_DIRECTIONS FOR THIS TASK_.
Exact copies of the lines from the start of the records through the line with "This paper proves" are what the answer must hold; pictures are not part of it.

_Source data_.
+ + + + + + +

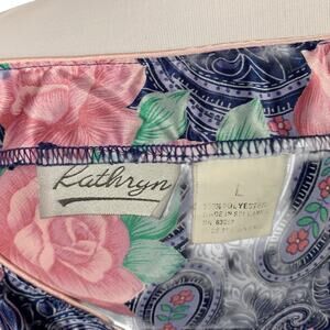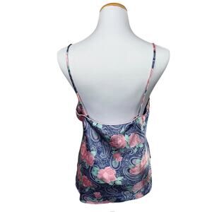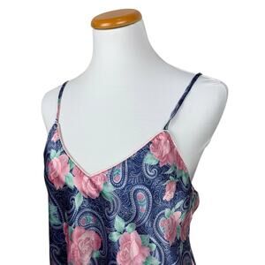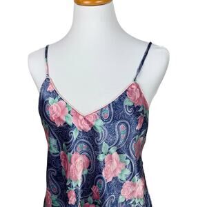 Vintage Kathryn Cami Top Blue Pink Rose Floral Satin Women's L
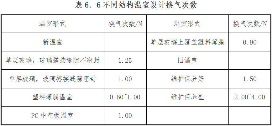 N——溫室與外界的空氣交換率,亦稱換氣次數(shù),以每小時的完全換氣次數(shù)為單位;
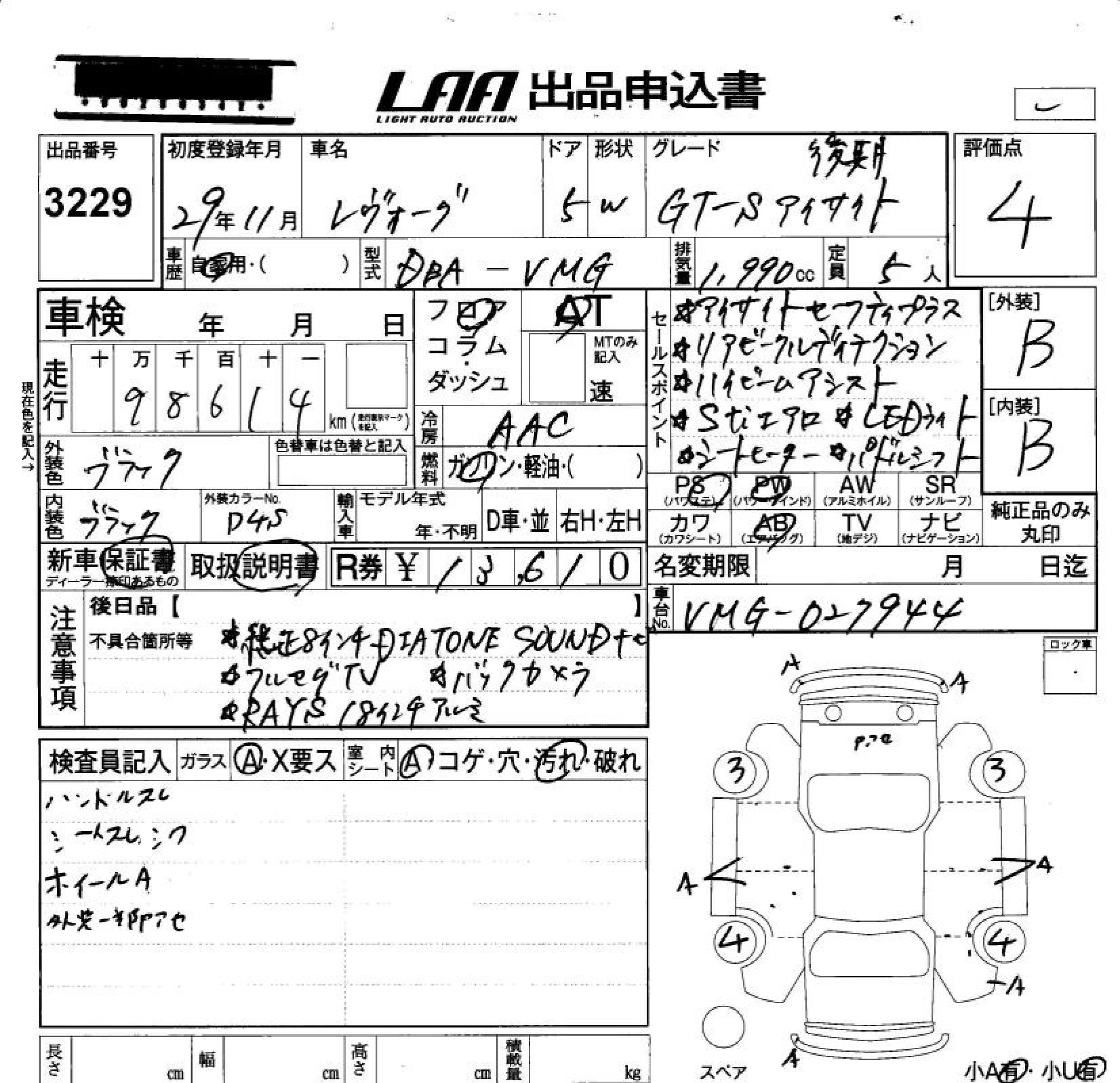 SUBARU LEVORG - лот 3229
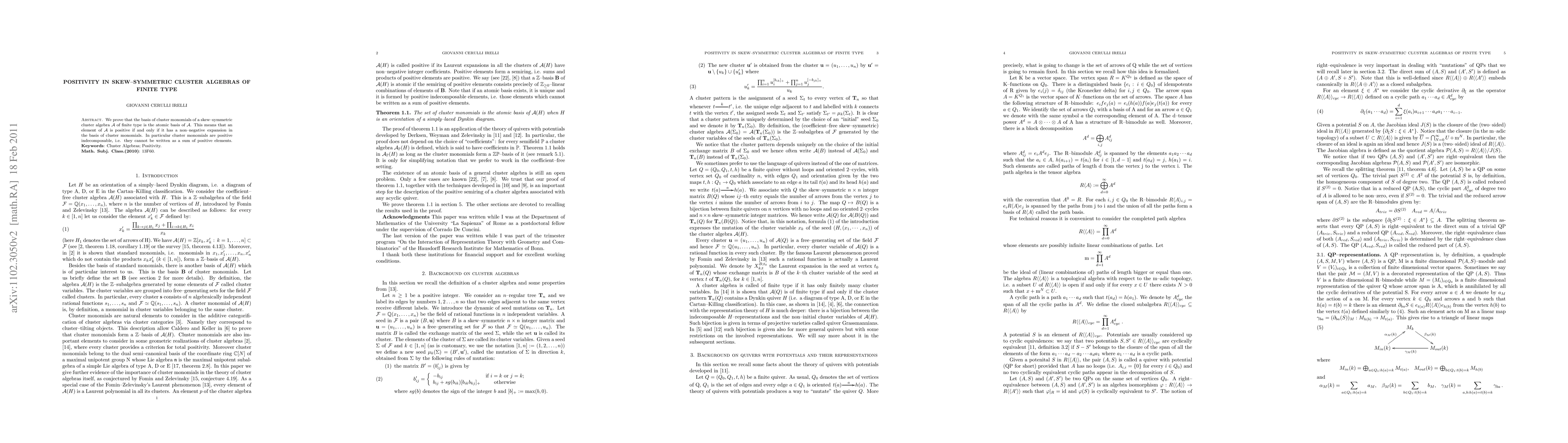 This paper proves that the cluster monomials form the atomic basis of skew-symmetric cluster algebras of finite type, ensuring positivity through non-negative expansions in this basis. Cluster monomials are shown to be positive and indecomposable, meaning they cannot be expressed as sums of other positive elements.
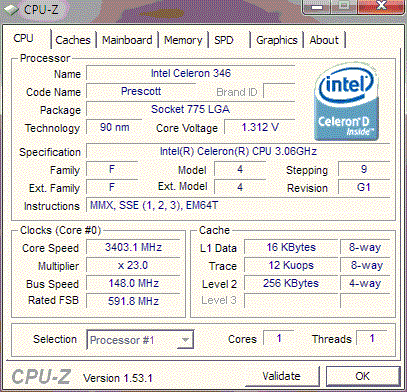 Результат разгона Intel Celeron D (Prescott-256)
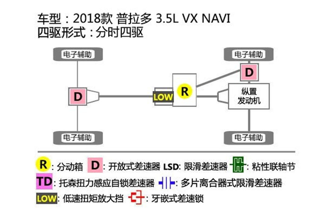 普拉多在越野圈可是享负盛名的,2018款的普拉多将全时四驱换成了分时四驱,分时四驱极限越野能力更强,可靠性更高,骨灰级越野玩家最爱,但对于初入门的新手复杂的操控让其无所适从。采用的VF4AM分动箱比旧款增加了一个换挡轴,2-4换挡增加一套同步器,当意识到车轮发生打滑,电子限滑系统也会马上做出反应,再加上低四模式下能将扭矩放大2.566倍,单前轮,单后轮,三开放式滑轮组测试都能顺利通过。
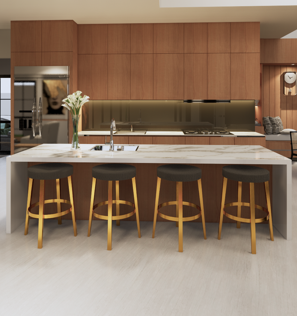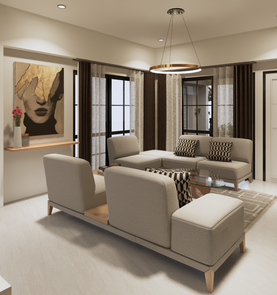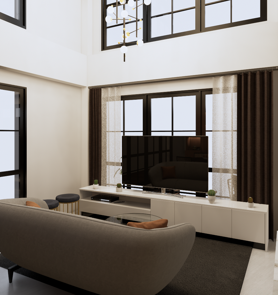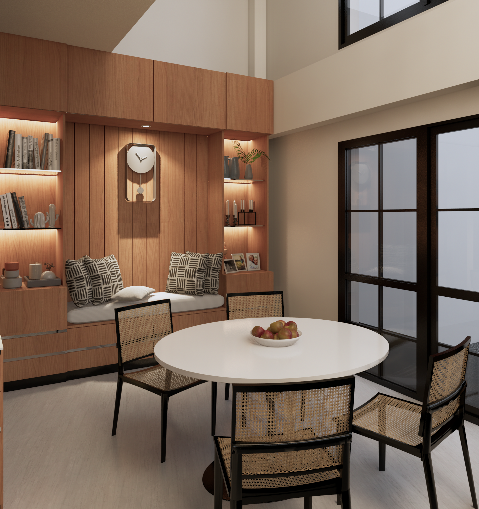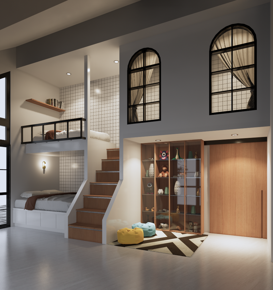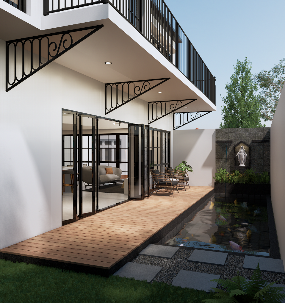 Dari diskusi dengan sang anak sebagai pengguna paviliun, konsep rumah yang diinginkan memiliki tampilan yang minimalis namun tetap megah dari sisi eksterior. Dari sisi tata ruang dan interior, sang anak tidak ingin banyak ruang dan sekat-sekat yang membatasi. Untuk menciptakan kesan megah di sisi dalam, diterapkan konsep mezanine dan bukaan void yang besar di sisi belakang sehingga ada keterhubungan antara ruang-ruang semi privat di lantai 1 dan area kamar tidur di lantai atas.
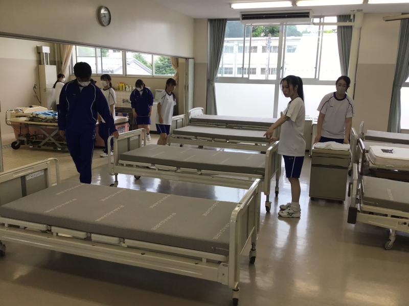 今回は「ベッドメーキング」の実習の様子です
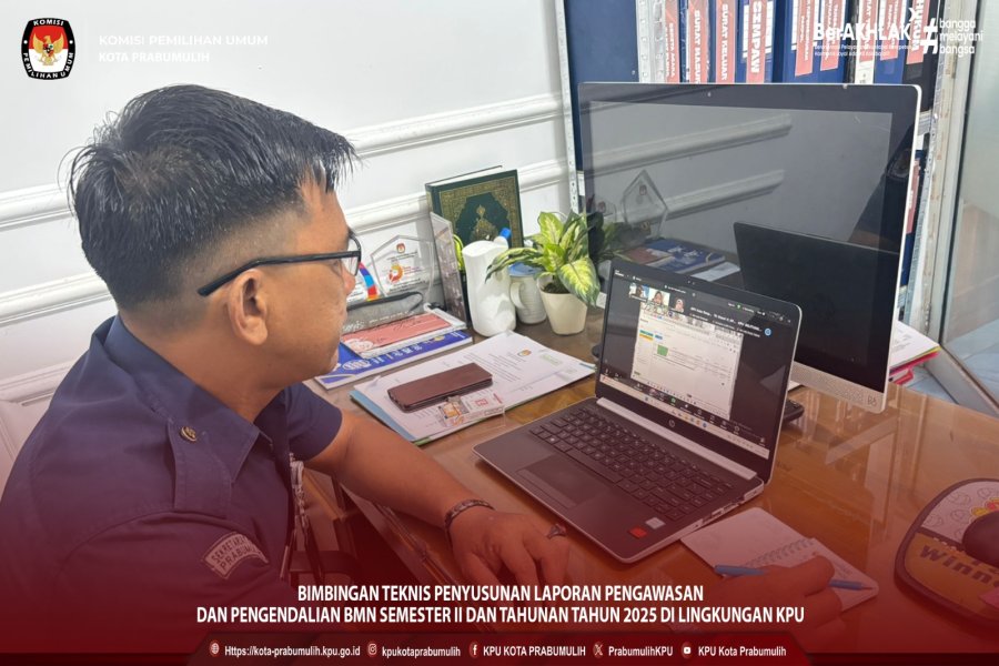 #Temanpemilih, Pada Hari Selasa, Tanggal 20 Januari 2026 Pukul 09.00 WIB-Selesai. Bertempat di KPU Kota Prabumulih. Plt. Kasubbag Keuangan, Umum, dan Logistik Bapak Nizar Patriot mengikuti Kegiatan Bimbingan teknis penyusunan laporan pengawasan dan pengendalian BMN Semester II dan Tahunan Tahun 2025 di Lingkungan KPU. Kegiatan ini dilaksanakan oleh KPU Republik Indonesia secara daring melalui Aplikasi Zoom. #KPUMelayani Find Us On : Facebook : KPU KOTA PRABUMULIH Instagram : kpukotaprabumulih Tiktok : KPU Kota Prabumulih Youtube : KPU KOTA PRABUMULIH Twitter : PrabumulihKpu Website : https://kota-prabumulih.kpu.go.id/ Alamat : Jl. Jend. A. Yani No.09, Prabu Jaya, Prabumulih Timur ....
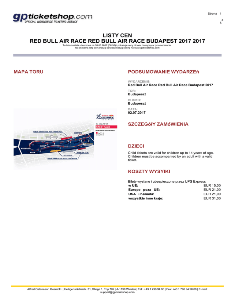 Strona 1 5 LISTY CEN RED BULL AIR RACE RED BULL AIR RACE BUDAPEST 2017 2017 Ta lista została utworzona na 08.03.2017 (06:55) i pokazuje ceny i towar dostępny w tym momencie. Na aktualną listę cen proszę odwiedź naszą stronę na www.gpticketshop.com MAPA TORU PODSUMOWANIE WYDARZEń WYDARZENIE: Red Bull Air Race Red Bull Air Race Budapest 2017 TOR: Budapeszt BLISKO: Budapeszt DATA: 02.07.2017 SZCZEGółY ZAMóWIENIA DZIECI Child tickets are valid for children up to 14 years of age. Children must be accompanied by an adult with a valid ticket. KOSZTY WYSYłKI Bilety wysłane i ubezpieczone przez UPS Express w UE: EUR 15,00 Europe poza UE: EUR 21,00 USA i Kanada: EUR 21,00 wszystkie inne kraje: EUR 31,00 Alfred Ostermann GesmbH. | Heiligenstädterstr. 31, Stiege 1, Top 702 | A-1190 Wiedeń | Tel: + 43 1 796 94 90 | Fax: +43 1 796 94 90 88 | E-mail: [email protected] z Strona 2 5 BILETY NA TRYBUNę Tribüne BUDA Sob./Ndz. EUR 50,00 Tribüne BUDA Dziecko zniżka Sob./Ndz. EUR 25,00 Tribüne BUDA Ndz. EUR 40,00 Tribüne BUDA Dziecko zniżka Ndz. EUR 20,00 Tribüne BUDA Sob. EUR 30,00 Tribüne BUDA Dziecko zniżka Sob. EUR 15,00 Tribüne PEST Sob./Ndz. EUR 50,00 Tribüne PEST Dziecko zniżka Sob./Ndz. EUR 25,00 Tribüne PEST Ndz. EUR 40,00 Tribüne PEST Dziecko zniżka Ndz. EUR 20,00 Tribüne PEST Sob. EUR 30,00 EUR 15,00 Tribüne PEST Dziecko zniżka Sob. Wszystkie ceny dodatkowo 5% opłaty manipulacyjnej BILETY VIP Sky Lounge Sky Lounge Sob./Ndz. EUR 990,00 Sky Lounge Dziecko zniżka Sob./Ndz. EUR 495,00 Sky Lounge Ndz. EUR 890,00 Sky Lounge Dziecko zniżka Ndz. EUR 445,00 Sky Lounge Sob. EUR 490,00 Sky Lounge Dziecko zniżka Sob. EUR 245,00 Promoter Club Sob./Ndz. EUR 390,00 Promoter Club Dziecko zniżka Sob./Ndz. EUR 195,00 Promoter Club Ndz. EUR 350,00 Promoter Club Dziecko zniżka Ndz. EUR 175,00 Promoter Club Sob. EUR 250,00 EUR 125,00 Promoter Club Promoter Club Dziecko zniżka Sob. Wszystkie ceny dodatkowo 5% opłaty manipulacyjnej Alfred Ostermann GesmbH. | Heiligenstädterstr. 31, Stiege 1, Top 702 | A-1190 Wiedeń | Tel: + 43 1 796 94 90 | Fax: +43 1 796 94 90 88 | E-mail: [email protected] z Strona 3 5 Wszystkie ceny dodatkowo 5% opłaty manipulacyjnej BILETY VIP BILETY VIP Wszystkie ceny dodatkowo 5% opłaty manipulacyjnej Alfred Ostermann GesmbH. | Heiligenstädterstr. 31, Stiege 1, Top 702 | A-1190 Wiedeń | Tel: + 43 1 796 94 90 | Fax: +43 1 796 94 90 88 | E-mail: [email protected] z Strona 4 5 Wszystkie ceny dodatkowo 5% opłaty manipulacyjnej FORMULARZ ZAMóWIENIA FAX FAX NR: +43 1 7969490-88 Proszę wypełnij ten formularz w całości i DRUKOWANYMI LITERAMI. Imię i nazwisko: firma: adres: Kraj / Kod pocztowy / Miasto: E-Mail: Tel: Zamawiam bilety na Red Bull Air Race Red Bull Air Race Budapest 2017 (2017-07-02) Przeczytałem i zaakceptowałem ogólne warunki firmy Ilość Cena za sztukę EUR Total EUR plus 5% opłaty manipulacyjne z kosztami wysyłki Suma Metoda płatności Przelew bankowy Karta kredytowa: VISA | Mastercard | Diners Club Posiadacz karty: Numer karty: Ważna do: Kod CVV: OGóLNE WARUNKI FIRMY Ważne od: 01. 01. 2010 1.Ogólne Warunki Sprzedaży Ogólne warunki firmy są ważne na sprzedaż przez przedsiębiorstwo A. Ostermann Gmbh (dalej określone jako gpticketshop.com). Wszelkie różniące się warunki klientów mogą być tylko ustalone na piśmie. Zaznaczając pole przy końcu zamówienia “Z moim zamówieniem akceptuję warunki sprzedaży firmy gpticketshop.com”, kupujący akceptuje nasze warunki sprzedaży i jest do nich zobowiązany. Kupując bilet, klient akceptuje warunki organizatora. Nasz wybór artykułów w sprzedaży nie jest zobowiązujący i może ulec zmianom bez uprzedniego powiadomienia. Zamówenie dokonane przez kogokolwiek w wieku od 18 lat tworzy umowę sprzedaży na ogólnych warunkach sprzedaży naszej firmy. Automatyczne potwierdzenie przyjęcia twojego zamówienia, wysłane przez pocztę elektroniczną nie oznacza zawarcia kontraktu między sprzedającym i kupującym. Umowa sprzedaży staje się ważna po wysłaniu rachunku do klienta. Klient musi w pełni i poprawnie wypełnić formularz. Jakakolwiek szkowa wynikająca z błędnego lub niekompletnego wypełnienia formularza nie zostanie pokryta przez gpticketshop.com. Jako, że od naszej firmy nie zależą wszystkie elementy usługi, którą osobiście dostrczamy do klienta, jesteśmy zmuszeni współpracować z innymi kompetentnymi trzecimi firmami. 2. Zamówienie Umowa sprzedaży upoważnia się w następujący sposób: 1)Na stronie proszę wybierz bilety i ich ilość (+/-), którą życzysz sobie kupić i kliknij na przycisk obok “Zamów” . 2) Następnie wybierz swój region i określ metodę płatniczą i kliknij na przycisk “Kontynuuj zamówienie” . 3)Proszę sprawdź zawartość swojej karty zakupowej. 4)Następnie wprowadź wymagane dane w polu “Szczegóły zamówienia”. Proszę pamiętaj, że wyślemy zamówione i opłacone bilety na adres wskazany tutaj. 5)Kiedy przeczytasz i zaakceptujesz Ogólne Warunki Sprzedaży Firmy i zgodę na przetwarzanie danych osobowych, zaznacz odpowiednie pole i wyślij zamówienie, będące dla nas ofertą kontraktu. Alfred Ostermann GesmbH. | Heiligenstädterstr. 31, Stiege 1, Top 702 | A-1190 Wiedeń | Tel: + 43 1 796 94 90 | Fax: +43 1 796 94 90 88 | E-mail: [email protected] z Strona 5 5 5)Kiedy przeczytasz i zaakceptujesz Ogólne Warunki Sprzedaży Firmy i zgodę na przetwarzanie danych osobowych, zaznacz odpowiednie pole i wyślij zamówienie, będące dla nas ofertą kontraktu. 6)Następnie kontrakt zostanie ostatecznie zawarty przez nasze potwierdzenie emailem. W pełni opłacone bilety zostaną wysłane przez UPS, na około 2 tygodnie przed wydażeniem. Czasami z powodów nieprzewidzianych wypadków będziesz musiał odebrać bilety na torze. Oczywiście opłata za przesyłkę zostanie zwrócona. 3. Język kontraktu Językami kontraktu są niemiecki i angielski. Informacja, serwis obsługi i skargi będą takż
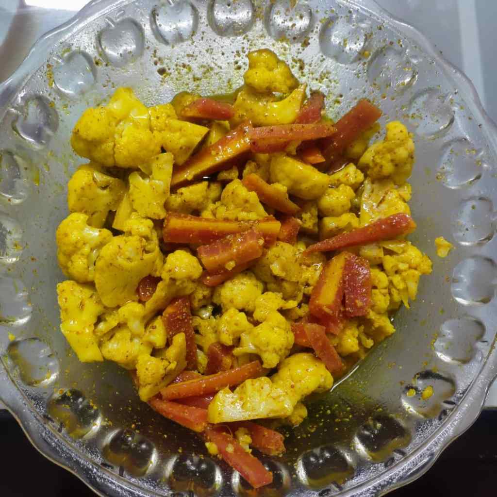 Cut all the veggies roughly. Boil 1 ltr water and switch off the flame. Put all the veggies into boiled water and cover the pan for 10 mins. After 10 mins strain water and tap dry all the veggies into the clean piece of cloth. Now add all the ingredients and mix well into glass bowl. Now cover the bowl and keep it at some warm place for 2 days. Stir these vegetables in 3-4 hours. After 2 days pickl will be ready to eat. Preparation time depends upon how much cold the weather is. More cold more time to get ready.
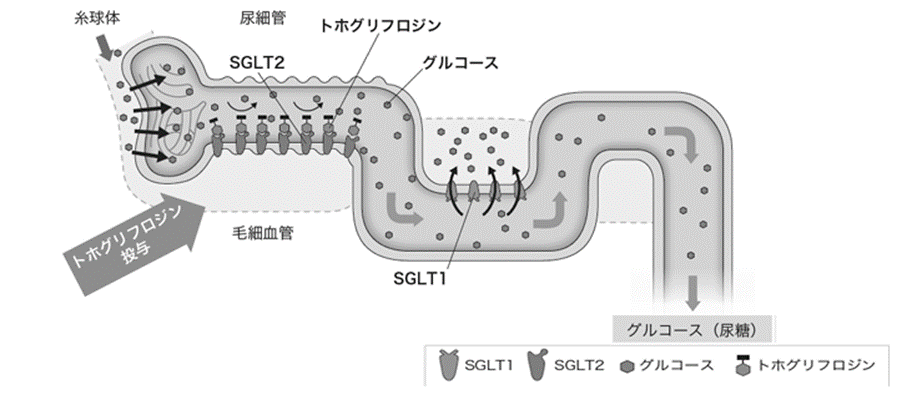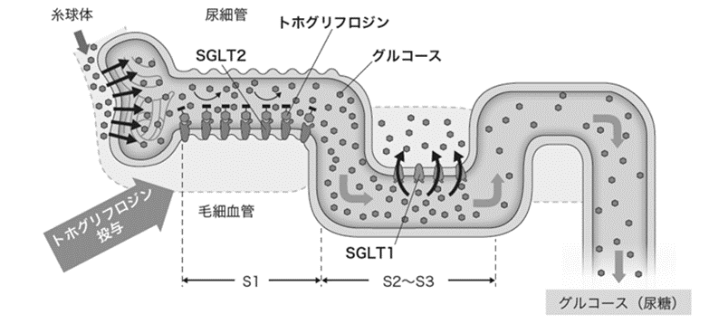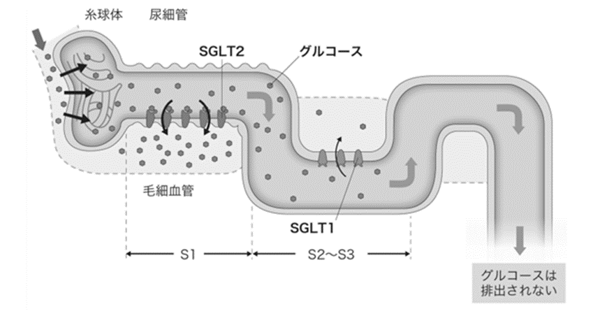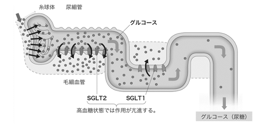 原尿に含まれる大部分(約90%)のグルコースは、近位尿細管S1分節の管腔側に発現していSGLT2 により再吸収され、残りのグルコースは遠位側のS2/S3分節に発現しているSGLT1で再吸収される。 通常、食後に血糖が上昇してもグルコースは、主に SGLT2 の作用により尿中に排泄されない。

+ + + + + + +

_TASK OUTPUT_.
 Vintage Kathryn Cami Top Blue Pink Rose Floral Satin Women's L
 N——溫室與外界的空氣交換率,亦稱換氣次數(shù),以每小時的完全換氣次數(shù)為單位;
 SUBARU LEVORG - лот 3229
 This paper proves that the cluster monomials form the atomic basis of skew-symmetric cluster algebras of finite type, ensuring positivity through non-negative expansions in this basis. Cluster monomials are shown to be positive and indecomposable, meaning they cannot be expressed as sums of other positive elements.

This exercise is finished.